NMDA receptors are essential for both long-term potentiation (LTP) and long-term depression (LTD), the cellular substrates of learning and memory:

Long-term potentiation (LTP): Strong synaptic activation leads to substantial calcium influx through NMDA receptors, activating CaMKII and other signaling molecules that enhance synaptic strength. LTP involves phosphorylation of AMPA receptor subunits, insertion of additional AMPA receptors into the postsynaptic membrane, and structural changes in dendritic spines.

Long-term depression (LTD): Weaker synaptic activation produces modest calcium influx that activates protein phosphatases, removing AMPA receptors from the synapse.
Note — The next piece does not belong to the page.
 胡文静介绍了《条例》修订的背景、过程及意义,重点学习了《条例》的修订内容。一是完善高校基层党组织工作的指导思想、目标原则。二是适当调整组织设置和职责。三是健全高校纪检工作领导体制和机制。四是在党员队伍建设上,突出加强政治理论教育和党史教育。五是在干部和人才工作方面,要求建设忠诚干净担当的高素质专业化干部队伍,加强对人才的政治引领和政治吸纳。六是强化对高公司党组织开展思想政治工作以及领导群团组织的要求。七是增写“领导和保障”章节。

LTD is thought to be important for forgetting and synaptic refinement.

The subunit composition of NMDA receptors influences the induction threshold for LTP and LTD, with different GluN2 subunits conferring distinct plasticity properties[@wyllie2013].

Brain Development

During development, NMDA receptors play crucial roles in:

Synapse formation: Activity-dependent NMDA receptor signaling guides the formation and refinement of excitatory synapses.

Neuronal survival: Appropriate NMDA receptor activity promotes neuronal survival, while either insufficient or excessive activity can trigger cell death pathways.
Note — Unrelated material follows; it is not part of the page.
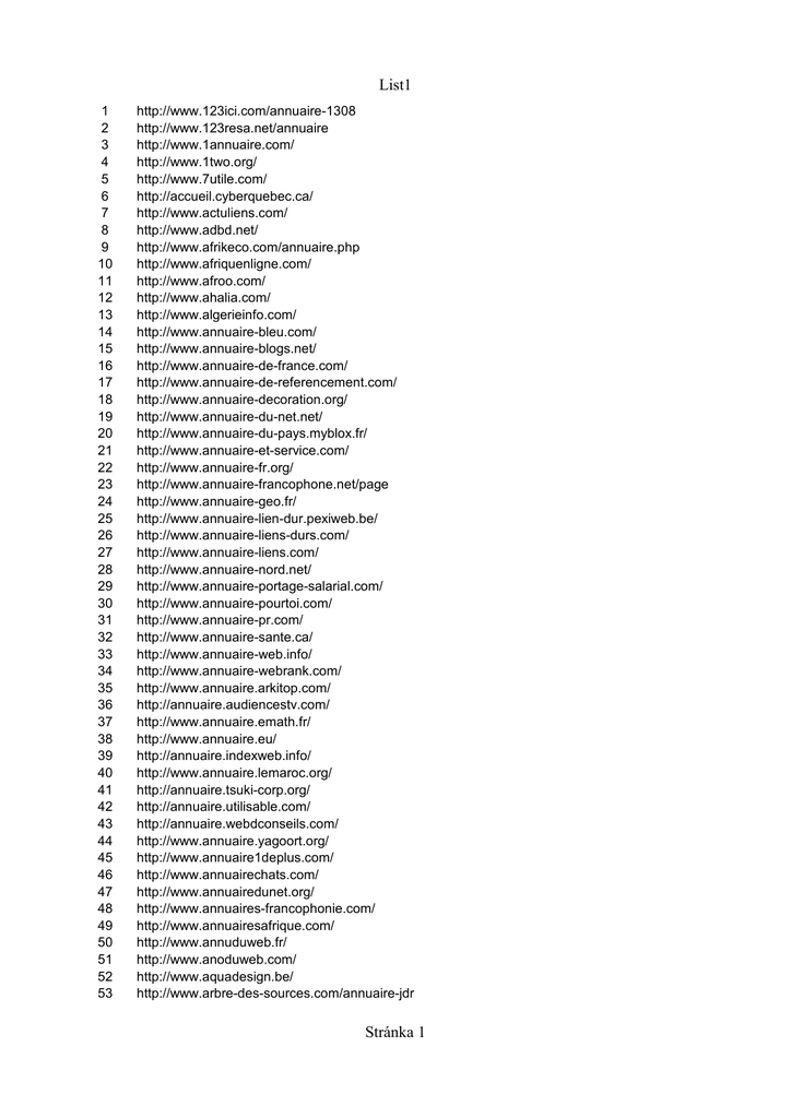 List1 1 2 3 4 5 6 7 8 9 10 11 12 13 14 15 16 17 18 19 20 21 22 23 24 25 26 27 28 29 30 31 32 33 34 35 36 37 38 39 40 41 42 43 44 45 46 47 48 49 50 51 52 53 http://www.123ici.com/annuaire-1308 http://www.123resa.net/annuaire http://www.1annuaire.com/ http://www.1two.org/ http://www.7utile.com/ http://accueil.cyberquebec.ca/ http://www.actuliens.com/ http://www.adbd.net/ http://www.afrikeco.com/annuaire.php http://www.afriquenligne.com/ http://www.afroo.com/ http://www.ahalia.com/ http://www.algerieinfo.com/ http://www.annuaire-bleu.com/ http://www.annuaire-blogs.net/ http://www.annuaire-de-france.com/ http://www.annuaire-de-referencement.com/ http://www.annuaire-decoration.org/ http://www.annuaire-du-net.net/ http://www.annuaire-du-pays.myblox.fr/ http://www.annuaire-et-service.com/ http://www.annuaire-fr.org/ http://www.annuaire-francophone.net/page http://www.annuaire-geo.fr/ http://www.annuaire-lien-dur.pexiweb.be/ http://www.annuaire-liens-durs.com/ http://www.annuaire-liens.com/ http://www.annuaire-nord.net/ http://www.annuaire-portage-salarial.com/ http://www.annuaire-pourtoi.com/ http://www.annuaire-pr.com/ http://www.annuaire-sante.ca/ http://www.annuaire-web.info/ http://www.annuaire-webrank.com/ http://www.annuaire.arkitop.com/ http://annuaire.audiencestv.com/ http://www.annuaire.emath.fr/ http://www.annuaire.eu/ http://annuaire.indexweb.info/ http://www.annuaire.lemaroc.org/ http://annuaire.tsuki-corp.org/ http://annuaire.utilisable.com/ http://annuaire.webdconseils.com/ http://www.annuaire.yagoort.org/ http://www.annuaire1deplus.com/ http://www.annuairechats.com/ http://www.annuairedunet.org/ http://www.annuaires-francophonie.com/ http://www.annuairesafrique.com/ http://www.annuduweb.fr/ http://www.anoduweb.com/ http://www.aquadesign.be/ http://www.arbre-des-sources.com/annuaire-jdr Stránka 1 List1 54 55 56 57 58 59 60 61 62 63 64 65 66 67 68 69 70 71 72 73 74 75 76 77 78 79 80 81 82 83 84 85 86 87 88 89 90 91 92 93 94 95 96 97 98 99 100 101 102 103 104 105 106 http://www.archeophile.com/ http://www.awreferencement.com/annuaire_fr http://www.babulle.com/ http://www.beehoo.com/ http://www.best-fr.com/ http://www.bestannuaire.net/ http://www.big-annuaire.com/ http://blagues.x-annuaires.com/ http://www.blogonautes.com/ http://www.bloxdir.fr/ http://www.blue.lu/ http://www.bon-site.com/ http://www.boncap.com/ http://www.boussole-fr.com/ http://www.campingcaravaning.ca/annuaire http://www.cecif.com/ http://www.celebrite.be/ http://www.chercher.eu.com/ http://www.cliweb.com/annuaire http://www.cluzz.com/ http://www.colorimetrie.be/annuaire.php http://www.compare-le-net.com/ http://www.contre-offre.com/ http://www.cote.azur.fr/annuaire http://www.denicher.com/ http://www.depensez.com/ http://www.dicodunet.com/annuaire http://www.dicorama.com/ http://www.direct-annuaire.com/ http://www.directory-web-sites.onesurf.fr/ http://www.djibnet.com/ http://www.e-annuaire.net/ http://www.ecupidon.com/ http://www.edenlord.net/annuaire http://www.el-annuaire.com/ http://www.exportation.org/ http://www.flesko.com/ http://www.fou2sport.com/ http://www.franceliens.com/ http://www.francesurf.net/ http://www.francetop.com/ http://www.francite.com/ http://www.free-annu.fr.nf/ http://www.free-scores.com/ http://www.frenchclassified.com/ http://www.furty.com/ http://www.genevanight.ch/ http://www.glaneur.fr/ http://gratuit.hitclic.com/ http://www.gratuitement.org/ http://www.gratuitout.com/ http://www.grocodile.com/ http://guide-oueb.evoconcept.net/ Stránka 2 List1 107 108 109 110 111 112 113 114 115 116 117 118 119 120 121 122 123 124 125 126 127 128 129 130 131 132 133 134 135 136 137 138 139 140 141 142 143 144 145 146 147 148 149 150 151 152 153 154 155 156 157 158 159 http://www.guitar-directory.com/ http://www.hebdotop.com/ http://www.hitmaroc.net/ http://hommarobase.hommart.net/ http://www.icommerces.ch/annu http://www.idfabrik.com/annuaire http://www.index.connexpro.com/ http://www.indexa.fr/ http://www.infoantilles.com/ http://www.italiq-expos.com/ http://www.itinerances.info/ http://www.joelouvier.info/ http://www.kouaa.com/ http://www.lagitane.com/ http://www.lalogitheque.com/ http://www.lebest.fr/ http://www.lesannuaires.com/ http://www.lewub.com/ http://www.liensfrancais.net/ http://www.littoral-ouest.com/ http://www.looking.fr/ http://www.love-references.com/guide http://lowin.1annuaire.com/ http://www.ludomanie.com/ http://www.lyon-web.net/ http://www.mariage.ws/ http://www.marweb.com/ http://www.marweb.com/libye http://www.mbolo.com/ http://www.mdpublicite.com/annuairegen/pageannuaire.htm http://www.meilleurduweb.com/ http://www.mezidir.com/ http://www.mirti.com/ http://www.monentreprise.myannuaire.com/ http://www.mongenie.com/ http://www.monsite.net/ http://www.monsurf.com/ http://www.montmain.com/ http://www.mylinea.com/annuaire-gagnant http://neogogol.free.fr/ http://www.netoo.com/ http://www.noogle.fr/ http://www.novascoop.com/ http://www.nseo.com/ http://www.onatoo.ca/ http://www.oositoo.com/ http://www.oubah.com/ http://www.ousurfer.com/ http://www.outils-web.com/ http://www.pages-presence.net/annuaire http://www.pagure.com/ http://www.paintings-directory.com/ http://www.pcparadise.fr/annuaire Stránka 3 List1 160 161 162 163 164 165 166 167 168 169 170 171 172 173 174 175 176 177 178 179 180 181 182 183 184 185 186 187 188 189 http://www.poesie-poemes.com/annuaire http://www.power-apple.com/ http://prolisteur.free.fr/ http://www.pubannuaire.com/ http://quotidien.refannuaire.com/ http://www.rentapart.com/annuaire http://www.repertoire-btob.com/ http://www.repertoire-quebec.com/ http://www.s-annuaire.com/ http://shobu.creezvotreannuaire.com/ http://www.sigles.net/ http://www.sites-fr.com/ http://www.sitespourenfants.com/ http://www.socialsquare.com/ http://superbe.creezvotreannuaire.com/ http://www.surfandbiz.com/ http://www.thollonapartment.com/links http://www.todoojeux.com/ http://www.toile.com/ http://www.toutgratuit.fr/ http://www.trouvezleamontreal.com/ http://www.trouvezleau

Critical period plasticity: NMDA receptor-dependent plasticity is particularly prominent during critical periods of brain development, when sensory experience shapes neural circuits.

Circuit maturation: NMDA receptors help establish mature connectivity patterns in various brain regions including the visual cortex, hippocampus, and cerebellum[@petersen2018].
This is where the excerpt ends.